Repeat the records word for word, excluding any picture.

***** Available records

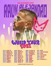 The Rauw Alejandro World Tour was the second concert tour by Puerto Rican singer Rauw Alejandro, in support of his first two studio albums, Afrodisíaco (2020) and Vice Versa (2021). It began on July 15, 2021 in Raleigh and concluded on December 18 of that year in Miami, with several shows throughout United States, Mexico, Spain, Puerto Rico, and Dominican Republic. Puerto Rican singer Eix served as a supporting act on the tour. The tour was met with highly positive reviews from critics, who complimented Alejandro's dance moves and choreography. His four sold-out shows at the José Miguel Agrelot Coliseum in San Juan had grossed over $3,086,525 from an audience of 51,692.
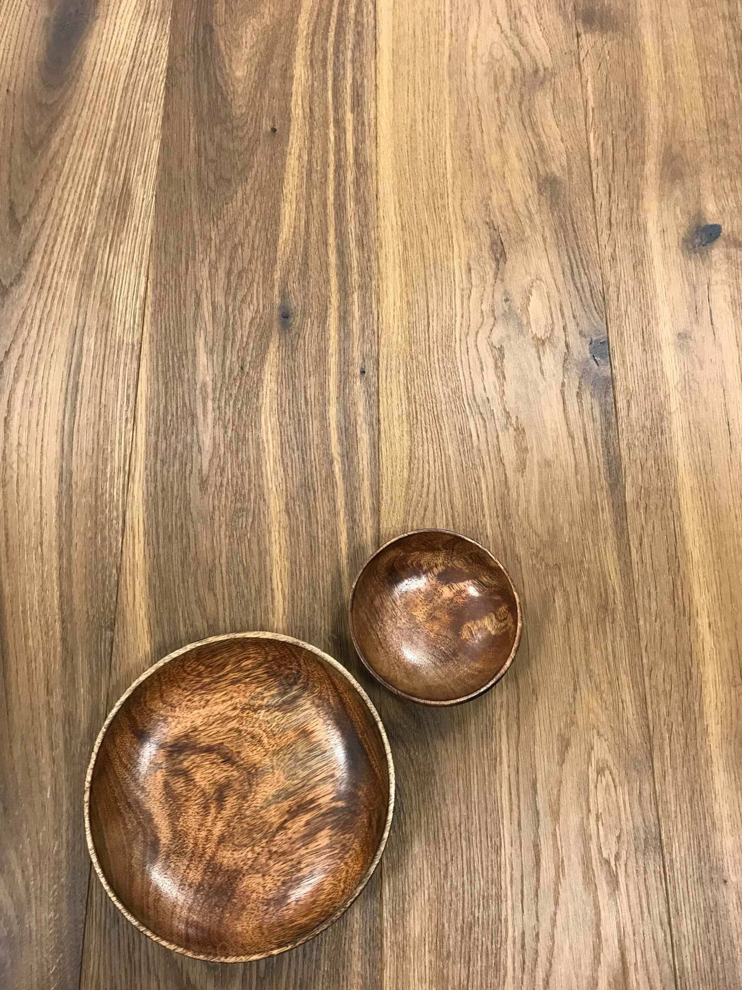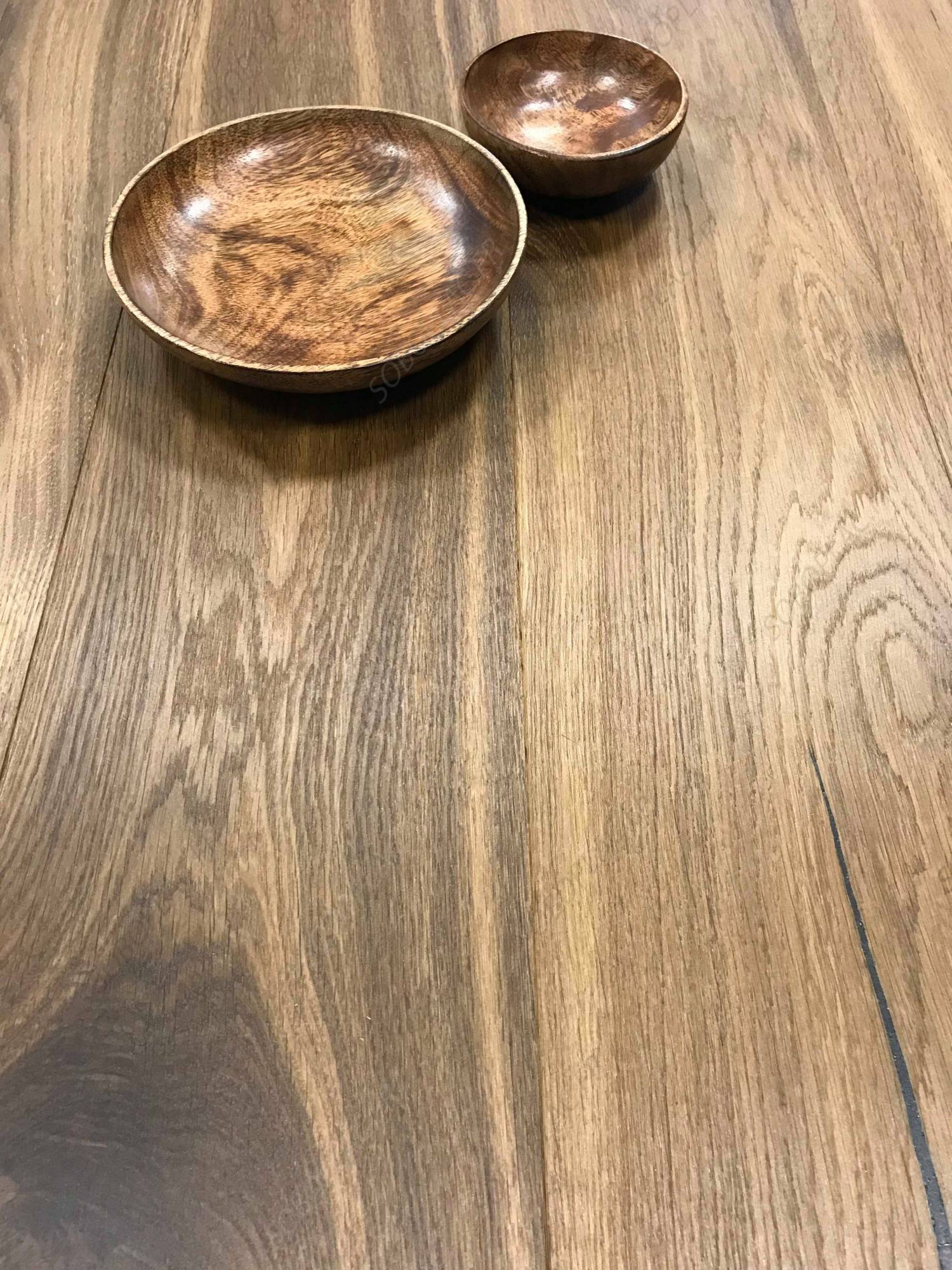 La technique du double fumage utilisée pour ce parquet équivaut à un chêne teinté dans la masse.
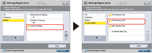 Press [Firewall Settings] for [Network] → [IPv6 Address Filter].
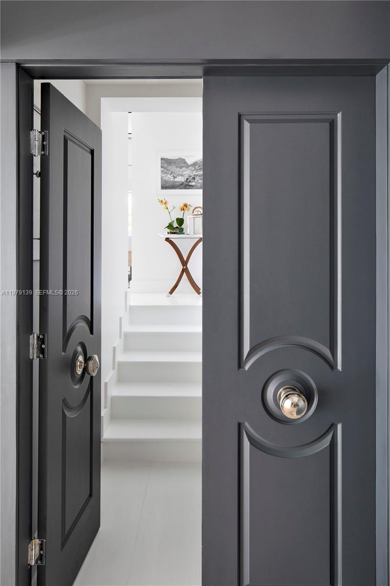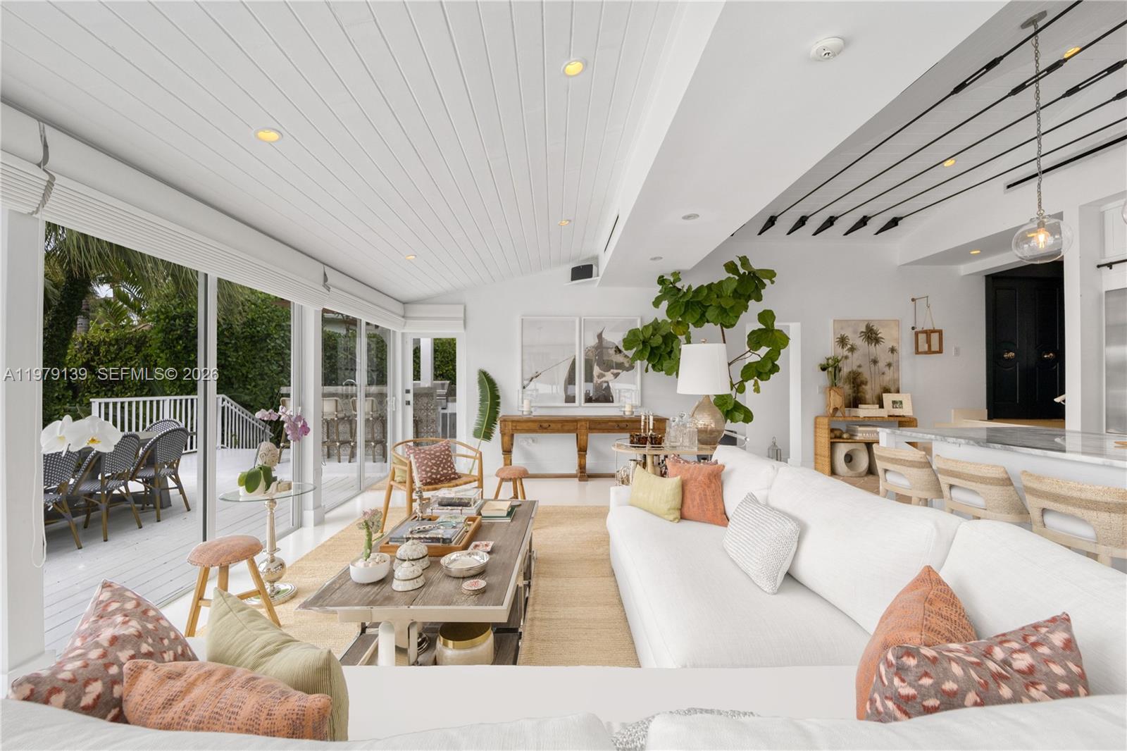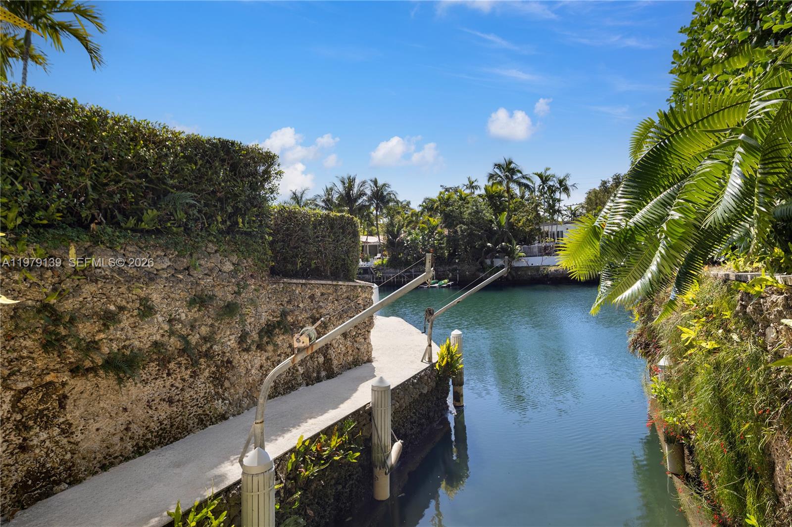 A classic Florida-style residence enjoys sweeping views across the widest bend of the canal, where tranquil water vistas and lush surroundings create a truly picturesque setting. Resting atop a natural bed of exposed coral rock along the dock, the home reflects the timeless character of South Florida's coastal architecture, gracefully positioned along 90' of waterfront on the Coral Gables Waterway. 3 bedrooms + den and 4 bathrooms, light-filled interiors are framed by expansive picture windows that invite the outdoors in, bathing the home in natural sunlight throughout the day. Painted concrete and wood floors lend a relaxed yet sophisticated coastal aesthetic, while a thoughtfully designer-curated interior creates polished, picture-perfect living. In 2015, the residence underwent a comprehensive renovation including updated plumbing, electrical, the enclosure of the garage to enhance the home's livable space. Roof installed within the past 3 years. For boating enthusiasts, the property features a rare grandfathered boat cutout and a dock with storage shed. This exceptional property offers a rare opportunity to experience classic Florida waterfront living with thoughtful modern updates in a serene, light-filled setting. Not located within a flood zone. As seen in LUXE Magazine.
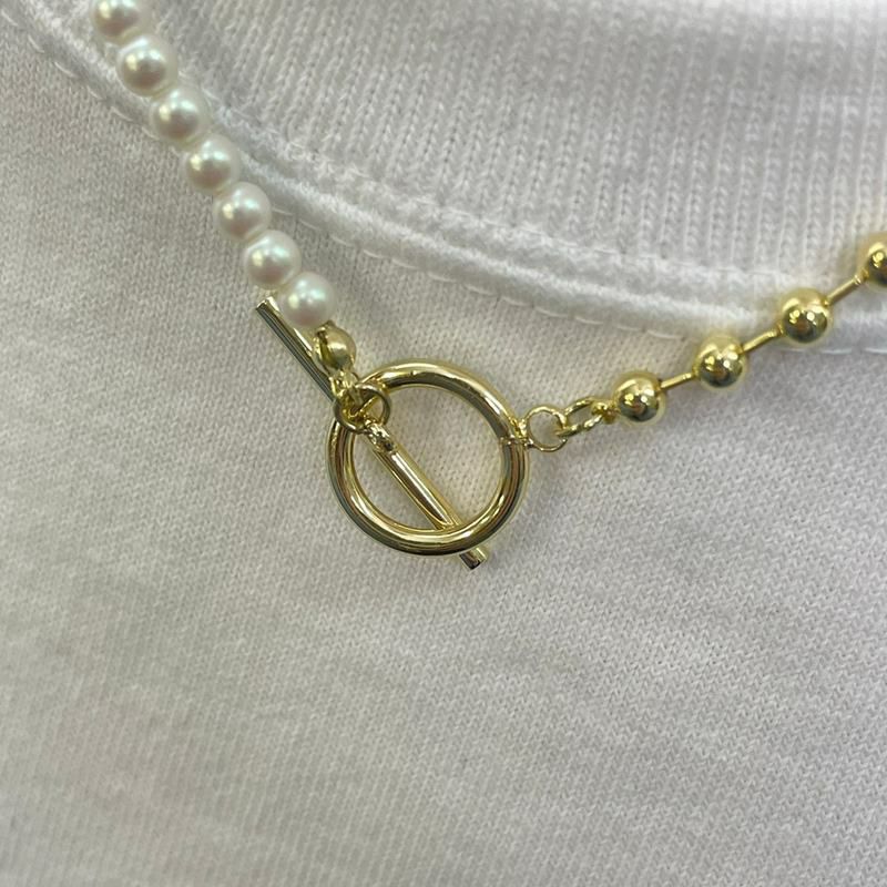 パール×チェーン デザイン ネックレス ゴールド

**********

Answer:
 The Rauw Alejandro World Tour was the second concert tour by Puerto Rican singer Rauw Alejandro, in support of his first two studio albums, Afrodisíaco (2020) and Vice Versa (2021). It began on July 15, 2021 in Raleigh and concluded on December 18 of that year in Miami, with several shows throughout United States, Mexico, Spain, Puerto Rico, and Dominican Republic. Puerto Rican singer Eix served as a supporting act on the tour. The tour was met with highly positive reviews from critics, who complimented Alejandro's dance moves and choreography. His four sold-out shows at the José Miguel Agrelot Coliseum in San Juan had grossed over $3,086,525 from an audience of 51,692.
 La technique du double fumage utilisée pour ce parquet équivaut à un chêne teinté dans la masse.
 Press [Firewall Settings] for [Network] → [IPv6 Address Filter].
 A classic Florida-style residence enjoys sweeping views across the widest bend of the canal, where tranquil water vistas and lush surroundings create a truly picturesque setting. Resting atop a natural bed of exposed coral rock along the dock, the home reflects the timeless character of South Florida's coastal architecture, gracefully positioned along 90' of waterfront on the Coral Gables Waterway. 3 bedrooms + den and 4 bathrooms, light-filled interiors are framed by expansive picture windows that invite the outdoors in, bathing the home in natural sunlight throughout the day. Painted concrete and wood floors lend a relaxed yet sophisticated coastal aesthetic, while a thoughtfully designer-curated interior creates polished, picture-perfect living. In 2015, the residence underwent a comprehensive renovation including updated plumbing, electrical, the enclosure of the garage to enhance the home's livable space. Roof installed within the past 3 years. For boating enthusiasts, the property features a rare grandfathered boat cutout and a dock with storage shed. This exceptional property offers a rare opportunity to experience classic Florida waterfront living with thoughtful modern updates in a serene, light-filled setting. Not located within a flood zone. As seen in LUXE Magazine.
 パール×チェーン デザイン ネックレス ゴールド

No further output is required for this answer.